- [EXERCISE INSTRUCTIONS]: The output should match, line for line, the records from the line containing "Подытоживая, хотелось бы" through the line containing "風合いあるカンガルーレザーの", with every picture left out.

- [INPUT]:
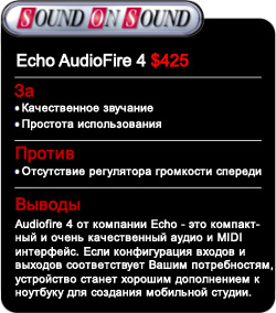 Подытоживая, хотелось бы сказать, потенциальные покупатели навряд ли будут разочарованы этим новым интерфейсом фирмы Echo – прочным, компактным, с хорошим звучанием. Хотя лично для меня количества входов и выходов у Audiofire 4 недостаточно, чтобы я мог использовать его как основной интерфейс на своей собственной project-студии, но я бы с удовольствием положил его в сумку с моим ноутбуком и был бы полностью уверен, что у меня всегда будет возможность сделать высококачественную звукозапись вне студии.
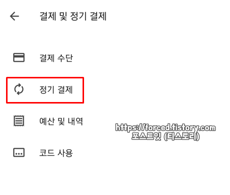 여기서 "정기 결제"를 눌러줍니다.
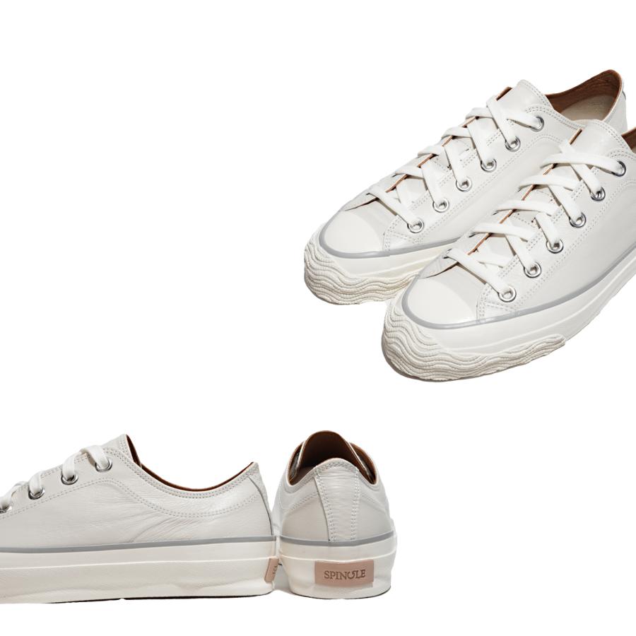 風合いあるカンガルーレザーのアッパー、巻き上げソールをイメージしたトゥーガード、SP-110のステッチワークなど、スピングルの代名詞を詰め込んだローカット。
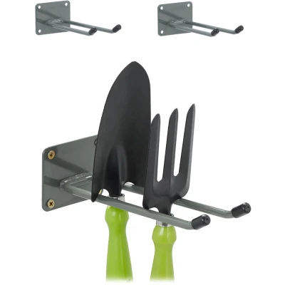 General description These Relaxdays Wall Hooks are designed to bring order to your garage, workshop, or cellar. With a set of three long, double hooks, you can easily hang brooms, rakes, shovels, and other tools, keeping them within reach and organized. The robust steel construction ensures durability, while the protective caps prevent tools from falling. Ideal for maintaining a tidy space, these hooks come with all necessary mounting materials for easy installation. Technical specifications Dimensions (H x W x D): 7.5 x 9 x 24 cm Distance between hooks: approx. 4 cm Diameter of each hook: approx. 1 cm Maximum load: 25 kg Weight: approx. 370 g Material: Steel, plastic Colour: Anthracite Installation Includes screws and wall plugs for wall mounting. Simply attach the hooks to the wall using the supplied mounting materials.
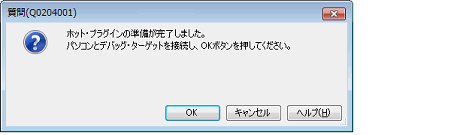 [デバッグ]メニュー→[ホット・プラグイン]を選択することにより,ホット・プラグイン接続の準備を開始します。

--

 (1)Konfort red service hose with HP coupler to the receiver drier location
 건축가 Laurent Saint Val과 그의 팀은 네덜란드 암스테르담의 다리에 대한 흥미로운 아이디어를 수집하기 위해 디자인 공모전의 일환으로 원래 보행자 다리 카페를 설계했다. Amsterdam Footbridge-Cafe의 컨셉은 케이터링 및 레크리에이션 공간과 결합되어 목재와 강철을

...

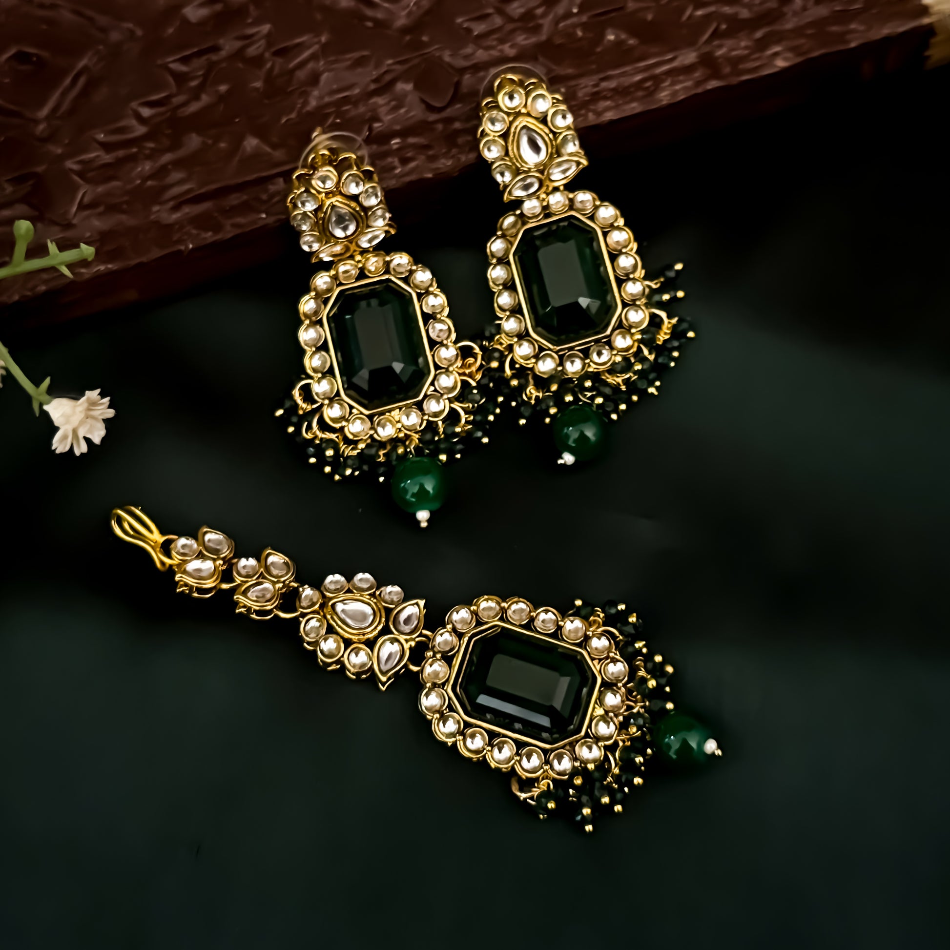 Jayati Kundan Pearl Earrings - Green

- [REPLY]:
 Подытоживая, хотелось бы сказать, потенциальные покупатели навряд ли будут разочарованы этим новым интерфейсом фирмы Echo – прочным, компактным, с хорошим звучанием. Хотя лично для меня количества входов и выходов у Audiofire 4 недостаточно, чтобы я мог использовать его как основной интерфейс на своей собственной project-студии, но я бы с удовольствием положил его в сумку с моим ноутбуком и был бы полностью уверен, что у меня всегда будет возможность сделать высококачественную звукозапись вне студии.
 여기서 "정기 결제"를 눌러줍니다.
 風合いあるカンガルーレザーのアッパー、巻き上げソールをイメージしたトゥーガード、SP-110のステッチワークなど、スピングルの代名詞を詰め込んだローカット。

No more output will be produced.